Segment Start: Raw data

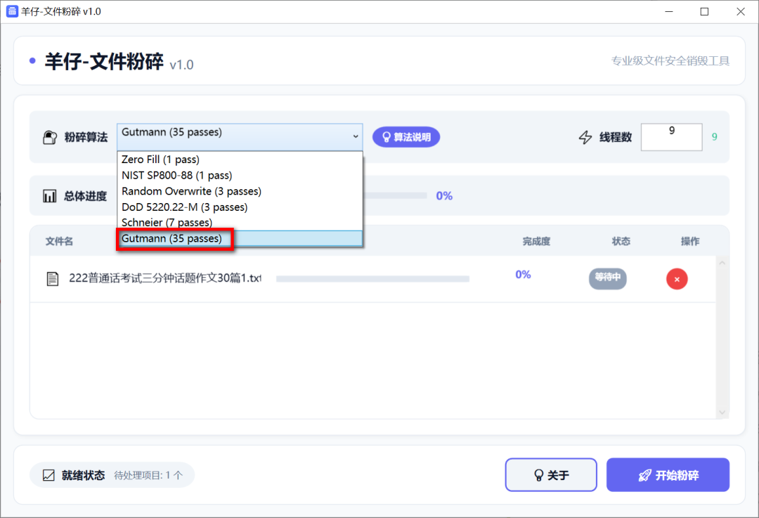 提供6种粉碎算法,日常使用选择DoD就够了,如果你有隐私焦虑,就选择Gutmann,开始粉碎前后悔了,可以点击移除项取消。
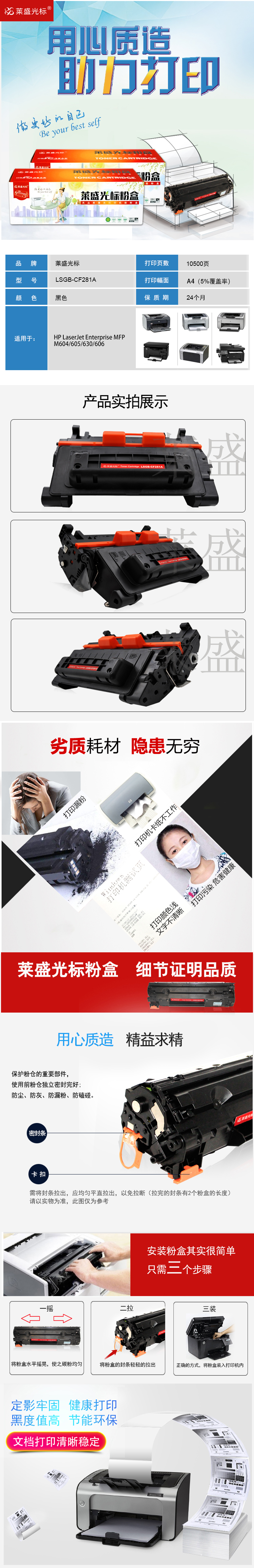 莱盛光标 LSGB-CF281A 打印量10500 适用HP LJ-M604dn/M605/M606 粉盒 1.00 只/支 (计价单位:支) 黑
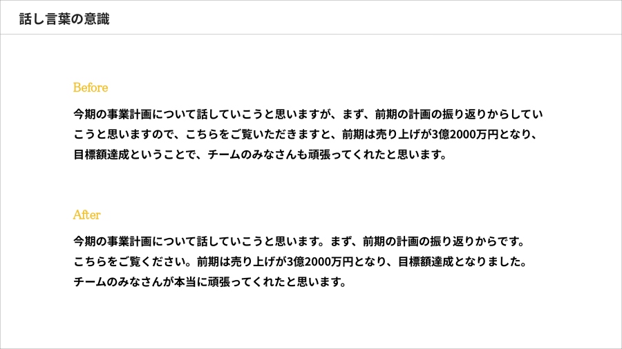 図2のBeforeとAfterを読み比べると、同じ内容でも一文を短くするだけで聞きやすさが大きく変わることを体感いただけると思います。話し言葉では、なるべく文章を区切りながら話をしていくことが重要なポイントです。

Segment End: Raw data

- _Task to complete_:
Starting at the line that contains "莱盛光标 LSGB-CF281A 打印量10500", write out exactly each line through the last one in the listing above, leaving out the pictures and adding nothing else.

- _Result of this exercise_:
 莱盛光标 LSGB-CF281A 打印量10500 适用HP LJ-M604dn/M605/M606 粉盒 1.00 只/支 (计价单位:支) 黑
 図2のBeforeとAfterを読み比べると、同じ内容でも一文を短くするだけで聞きやすさが大きく変わることを体感いただけると思います。話し言葉では、なるべく文章を区切りながら話をしていくことが重要なポイントです。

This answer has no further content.